Collection entries:
+===+
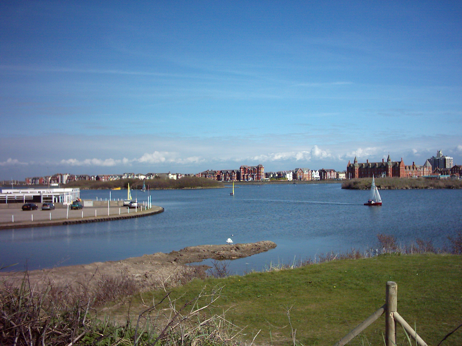 View across Marine Lake, Southport, UK (View looking approximately east, with photographer's back to the sea. The Victorian-era red brick building above the sailing boat was originally the Promenade Hospital, but has been converted into flats since 2000. Additional info from local knowledge, JackyR 22:15, 1 September 2006 (UTC))
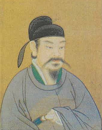 Emperor Ruizong of Tang.
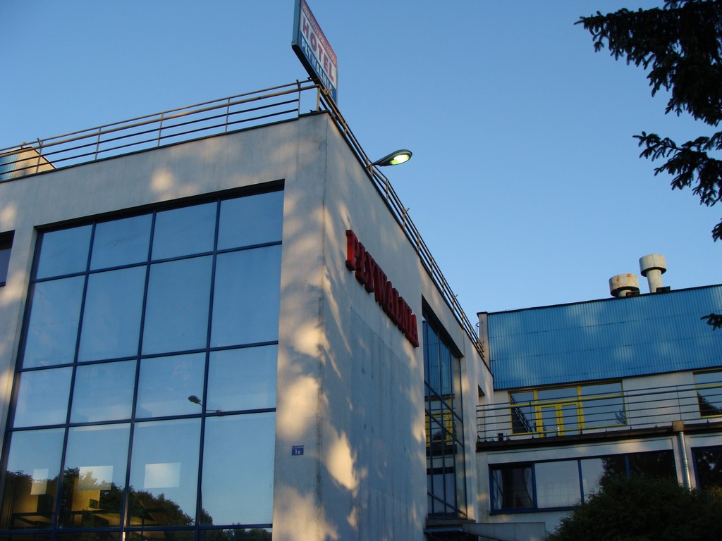 Śrem, sport's centre.
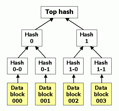 Diagram of a binary hash tree. Original illustration by David Göthberg, Sweden. Released by David as public domain.
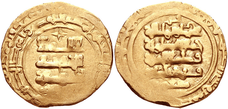 Coin of the Ghaznavid ruler Farrukh-Zad.
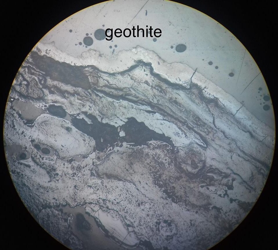 Microscopic image of Geothite
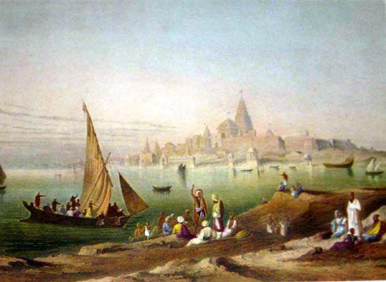 "The sacred town and temples of Dwarka," from Grindlay's 'Scenery, Costumes and Architecture chiefly on the Western Side of India', London, 1826-30 Source: ebay, July 2004
+===+
Omit the pictures and please write out exactly the lines between the one containing "Coin of the Ghaznavid ruler Farrukh-Zad." and the last line of the entries, both included.

=== Result of this task ===
 Coin of the Ghaznavid ruler Farrukh-Zad.
 Microscopic image of Geothite
 "The sacred town and temples of Dwarka," from Grindlay's 'Scenery, Costumes and Architecture chiefly on the Western Side of India', London, 1826-30 Source: ebay, July 2004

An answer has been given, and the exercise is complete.